> [Exercise directions]:
Line by line, the data below should be set down unchanged, with images excluded.

> [Data extract]:
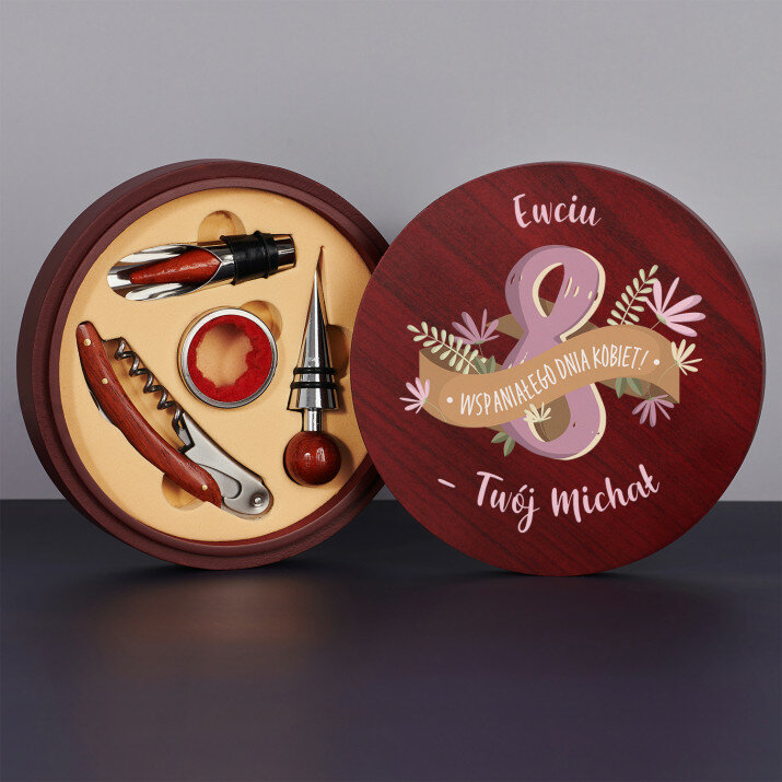 Piękny, czteroczęściowy zestaw do wina w eleganckim drewnianym pudełku z grawerem na pokrywce.Do wyboru są dwie wersje:
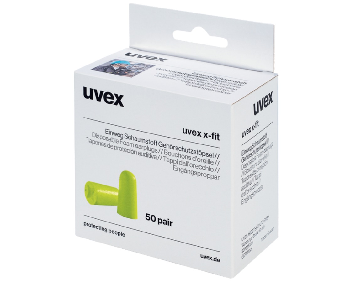 Hörselproppar Uvex X-Fit 50 par är ergonomiskt utformade engångsproppar som ger mycket hög bullerdämpning och hög komfort. De är lämpliga för långvarig användning i miljöer med höga ljudnivåer samtidigt som de möjliggör god uppfattning av tal. Tillverkade i mjukt skum för maximal användarkomfort. Innehåll: 50 par, löst förpackade i dispenser.
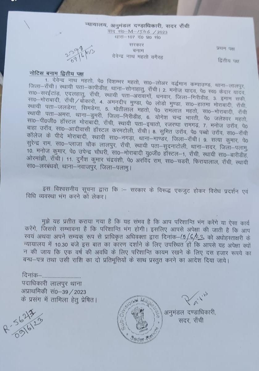 रांची। 60-40 नियोजन नीति के खिलाफ 10-11 जून को संपूर्ण झारखंड बंद किया गया। आवश्यक व मेडिकल सेवाओं को बंद से मुक्त रखा गया है। बंदी से पहले नौ जून को पूरे झारखंड में प्रखंड व जिला मुख्यालय के चौक-चौराहाें से मशाल जुलूस निकाला गया। रांची में भी शाम में जयपाल सिंह मुंडा स्टेडियम से अलबर्ट एक्का चौक तक मशाल जुलूस निकाला गया। इस बीच 11 बंद समर्थकों को सदर रांची अनुमंडल दंडाधिकारी ने नोटिस जारी किया है। सभी को 10 जून को स्वयं या अधिवक्ता के माध्यम से पक्ष रखने का निर्देश दिया गया है। जारी नोटिस में सरकार के विरुद्ध एकजुट होकर विरोध प्रदर्शन एवं विधि व्यवस्था भंग करने का हवाला दिया गया है। यह बंद झारखंड स्टेट स्टूडेंट्स यूनियन की अगुवाई में बुलाया गया है। बंद को राज्य के विभिन्न आदिवासी-मूलवासी संगठनों का समर्थन प्राप्त है। उन्होंने राज्य के सभी बस एसोसिएशन, ट्रक एसोसिएशन, दुकानदार संघ, बाजार समिति से भी स्वेच्छा से बंद कर आंदोलन को सफल बनाने में सहयोग करने की अपील की है। झारखंड बंद का अभियान छात्रों ने सोशल मीडिया के माध्यम से चलाया। इस नियोजन नीति का कई छात्र संगठन भी विरोध कर रहे हैं। रांची में बंद को लेकर प्रशासन भी पूरी तरह से तैयार है। बंद के दौरान किसी तरह की कोई दुर्घटना न हो इसको लेकर प्रशासन तैयार है। अगर बंद समर्थक किसी तरह का जोर जबरदस्ती शहर में करते हैं तो इनके खिलाफ प्रशासन सख्त कार्रवाई करेगी। किसी को भी विधि व्यवस्था भंग करने नहीं दिया जाएगा।

> [Result]:
 Piękny, czteroczęściowy zestaw do wina w eleganckim drewnianym pudełku z grawerem na pokrywce.Do wyboru są dwie wersje:
 Hörselproppar Uvex X-Fit 50 par är ergonomiskt utformade engångsproppar som ger mycket hög bullerdämpning och hög komfort. De är lämpliga för långvarig användning i miljöer med höga ljudnivåer samtidigt som de möjliggör god uppfattning av tal. Tillverkade i mjukt skum för maximal användarkomfort. Innehåll: 50 par, löst förpackade i dispenser.
 रांची। 60-40 नियोजन नीति के खिलाफ 10-11 जून को संपूर्ण झारखंड बंद किया गया। आवश्यक व मेडिकल सेवाओं को बंद से मुक्त रखा गया है। बंदी से पहले नौ जून को पूरे झारखंड में प्रखंड व जिला मुख्यालय के चौक-चौराहाें से मशाल जुलूस निकाला गया। रांची में भी शाम में जयपाल सिंह मुंडा स्टेडियम से अलबर्ट एक्का चौक तक मशाल जुलूस निकाला गया। इस बीच 11 बंद समर्थकों को सदर रांची अनुमंडल दंडाधिकारी ने नोटिस जारी किया है। सभी को 10 जून को स्वयं या अधिवक्ता के माध्यम से पक्ष रखने का निर्देश दिया गया है। जारी नोटिस में सरकार के विरुद्ध एकजुट होकर विरोध प्रदर्शन एवं विधि व्यवस्था भंग करने का हवाला दिया गया है। यह बंद झारखंड स्टेट स्टूडेंट्स यूनियन की अगुवाई में बुलाया गया है। बंद को राज्य के विभिन्न आदिवासी-मूलवासी संगठनों का समर्थन प्राप्त है। उन्होंने राज्य के सभी बस एसोसिएशन, ट्रक एसोसिएशन, दुकानदार संघ, बाजार समिति से भी स्वेच्छा से बंद कर आंदोलन को सफल बनाने में सहयोग करने की अपील की है। झारखंड बंद का अभियान छात्रों ने सोशल मीडिया के माध्यम से चलाया। इस नियोजन नीति का कई छात्र संगठन भी विरोध कर रहे हैं। रांची में बंद को लेकर प्रशासन भी पूरी तरह से तैयार है। बंद के दौरान किसी तरह की कोई दुर्घटना न हो इसको लेकर प्रशासन तैयार है। अगर बंद समर्थक किसी तरह का जोर जबरदस्ती शहर में करते हैं तो इनके खिलाफ प्रशासन सख्त कार्रवाई करेगी। किसी को भी विधि व्यवस्था भंग करने नहीं दिया जाएगा।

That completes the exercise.